Watch this week's MLAISU on YouTube or listen to it on Spotify.
Robust Models
Robustness is a crucial aspect of ensuring the safety of machine learning systems. A robust model is better able to adapt to new datasets and is less likely to be confused by unusual inputs. By ensuring robustness, we can prevent sudden misalignments caused by malfunction.
To test the robustness of models, we use adversarial attacks. These are inputs specially made to confuse the model and can help us create defense methods against these. There are many libraries for adversarial example generation in computer vision but the new attack method TextGrad creates adversarial examples automatically for text as well. It works under the two constraints of 1) text being much more discrete than images and therefore harder to modify without being obvious and 2) still ensuring fluent text, i.e. making the attacks hard to see for a human. You can see many more text attacks in the aptly named TextAttack library.
In the paper “(Certified!!) Adversarial Robustness for Free!” (yes, that is it’s name), they find a new method for making image models more robust against different attacks without training their own model during defense but using off-the-shelf models, something other papers have not achieved. Additionally, they do this and get the highest average certified defense rate against the competition.
Additionally, Li, Li & Xie investigate how to defend against the simple attack of writing a weird sentence in front of the prompt that can significantly confuse models in question-answering (QA) settings. They then extend this to the image-text domain as well and modify an image prompt to confuse during QA.
With these specific cases, is there not a way for us to generally test for examples that might confuse our models? The new OpenOOD (Open Out-Of-Distribution) library implements 33 different methods and represents a strong toolkit to detect malicious or confusing examples. Their paper details more of their approach.
Another way we hope to detect these anomalies is by using interpretability methods to understand what happens inside the network and see when it breaks. Bilodeau et al. criticize traditional interpretability methods such as SHAP and Integrated Gradients by showing that without significantly reducing model complexity, these methods do not outperform random guessing. Much of ML safety works with mechanistic interpretability that attempts to reverse-engineer neural networks, something that seems significantly more promising for anomaly detection.
Humans & AI
In December, Dan Hendrycks, the lead of the Center for AI Safety at the University of California, Berkeley, published an article discussing the potential for artificial intelligence (AI) systems to have natural incentives that work against the interests of humans. He argues that in order to prevent this from happening, we must carefully design AI agents' intrinsic motivations, impose constraints on their actions, and establish institutions that promote cooperation over competition. These efforts will be crucial in ensuring that AI is a positive development for society.

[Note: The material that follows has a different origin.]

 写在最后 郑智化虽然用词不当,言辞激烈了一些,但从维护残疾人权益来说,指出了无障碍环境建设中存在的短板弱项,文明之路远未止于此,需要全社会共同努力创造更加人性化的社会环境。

The Center for AI Safety at Berkeley is just one example of academic research in the field of machine learning safety. They also regularly publish a newsletter on ML safety, which is highly recommended for readers interested in the topic. Another notable researcher in this field is David Krueger at the University of Cambridge, who recently gave a comprehensive interview on The Inside View, which is also highly recommended for those interested in the alignment of AI and the role of academia in addressing the challenges of AI safety.
Other research
In other research news, we just finished a small AI trends hackathon with the Epoch AI team in Mexico City and the resources and ideas for the hackathon are still up for grabs so you can create an interesting project in understanding how future AI might look, something Epoch is amazing at. See the research project ideas here and the datasets and resources here.
Soeren Mind, Richard Ngo and Lawrence Chan released a major rewrite to their paper “The Alignment Problem from a Deep Learning Perspective” focusing more on deceptive reward hacking, internal goal seeking and power-seeking.
Joar Skalse released a perspective article on why he thinks large language models are not general intelligence.
Opportunities
And now to the great opportunities in ML safety!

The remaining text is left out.